The directors are responsible for the maintenance and integrity of the Company's website. Legislation in the United Kingdom
governing the preparation and dissemination of financial statements differs from legislation in other jurisdictions.
The directors confirm that, to the best of their knowledge:
· the financial statements, prepared in accordance with International Financial Reporting Standards as adopted by the
European Union, give a true and fair view of the assets, liabilities, financial position and profit or loss of the Company
and of the Group taken as a whole;
· the Directors' Report, including those other sections of the Annual Report incorporated by reference, comprises a
management report for the purposes of the Disclosure and Transparency Rules, which includes a fair review of the
development and performance of the business and the position of the Company and the undertakings included in the
consolidation taken as a whole, together with a description of the principal risks and uncertainties that they face; and
· the Annual Report, taken as a whole is fair, balanced and understandable and provides the information necessary for
shareholders to assess the Group's performance, business model and strategy.
Approved by the Board of Directors and signed on behalf of the Board.
PANDORA SHARP
Company Secretary
23 November 2016
Board of Directors
R G Dench J A Heron F J Clutterbuck
N S Terrington A K Fletcher H R Tudor
R J Woodman P J N Hartill
The Paragon Group of Companies PLC
PRINCIPAL RISKS AND UNCERTAINTIES
The principal risks to which the Group is exposed and which could impact significantly on its ability to conduct its
business successfully are summarised below.
Category Risk Description
Economic A downturn in the UK's economic performance in light of the Brexit referendum decision to leave the European Union could impact demand for loans, customers' ability to re-pay outstanding balances and security values
Concentration The Group's business plans could be particularly affected by any downturn in the performance of the UK private rented sector and / or further regulatory intervention to control buy-to-let lending.

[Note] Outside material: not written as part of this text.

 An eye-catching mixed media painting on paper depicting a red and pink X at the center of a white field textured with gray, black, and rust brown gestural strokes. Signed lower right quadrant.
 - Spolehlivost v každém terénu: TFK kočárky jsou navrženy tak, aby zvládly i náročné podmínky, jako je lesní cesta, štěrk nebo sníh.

Transition Failure to integrate acquired businesses safely and effectively could adversely affect the Group's business plans and damage its reputation
Customer Failure to target and underwrite lending effectively could result in customers becoming less able to service debt, exposing the Group to credit losses
Counterparty Failure of an institution holding the Group's cash deposits or providing hedging facilities for risk mitigation could expose the Group to loss or liquidity issues
Fair outcomes Failure to deliver appropriate customer outcomes could impact on the Group's reputation and its financial performance
People Failure to attract or retain appropriately skilled key employees at all levels could impact upon the Group's ability to deliver its business plans
Systems The inability of the Group's systems to support its business operations effectively and/or guard against cyber security risks could result in reputational and financial losses.
Regulation Given the highly regulated sectors in which the Group operates, compliance failures or failures to respond effectively to new and emerging regulatory developments could result in reputational damage and financial loss
Funding Increased volatility in wholesale markets could reduce the Group's funding and liquidity options, restricting its ability to lend.

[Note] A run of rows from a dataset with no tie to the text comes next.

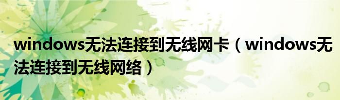 大家好,小飞来为大家解答以上问题,windows无法连接到无线网卡,windows无法连接到无线网络很多人还不知道,现在让我们一起来看看吧!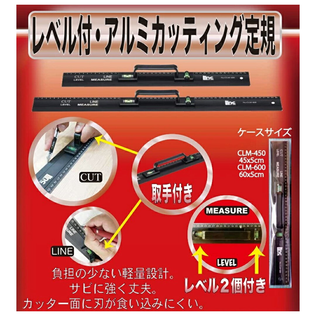LINC レベル付アルミカッティング定規 取手付き 45cm CLM-450 / 60cm CLM-600 楽天物流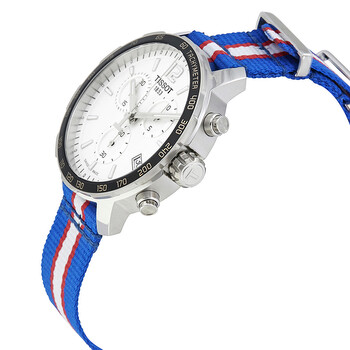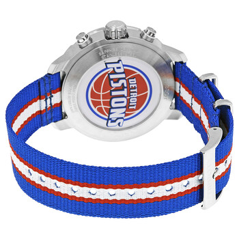 Stainless steel case with a navy khaki and red nylon NATO strap. Fixed stainless steel bezel with an inlaid black ring showing tachymeter markings. Silver dial with luminous silver-tone hands and index hour markers. An Arabic numeral appears at the 12 o'clock position. Minute markers around the outer rim. Dial Type: Analog. Luminescent hands and markers. Date display at the 4 o'clock position. Chronograph - three sub-dials displaying: 60 second, 30 minute and 12 hour. ETA caliber G10.211 quartz movement. Scratch resistant sapphire crystal. Solid case back. Case size: 42 mm. Case thickness: 10.72 mm. Round case shape. Tang clasp. Water resistant at 100 meters / 330 feet. Functions: chronograph, date, hour, minute, second, tachymeter. Sport watch style. Watch label: Swiss Made. Tissot Quickster Detroit Pistons Chronograph Men's Watch T095.417.17.037.22.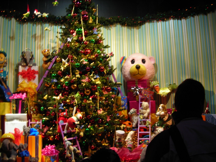 ולא רק זה. בתוך הכלבו עצמו, בכניסה הראשית, יש חלל בגובה ארבע/חמש קומות. שם, הם תולים מהתקרה עץ כריסמס ענק, שמגיע כמעט עד קומת הקרקע. (וחבל, התמונות לא מספיקות בשביל להעביר את הגודל העצום של העץ הזה).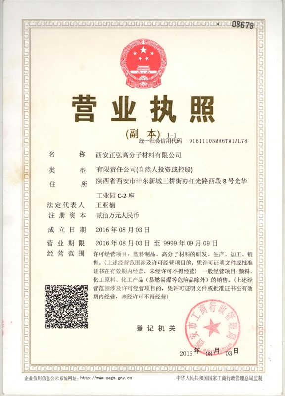 西安正弘高分子材料有限公司營業執照

Capital Proposals by the BCBS to change to the capital requirements for lending secured on residential property could have adverse financial implications for the Group
Interest rates Reduction in margins between market lending and borrowing rates or mismatches in the Group balance sheet could impact profits
Pensions The obligation to support the Group's defined benefit pensions plan might deplete resources
The Group has considered and responded to all of these risks, undertaking mitigating actions where required to ensure that
exposures are maintained within risk appetite as far as is practicable.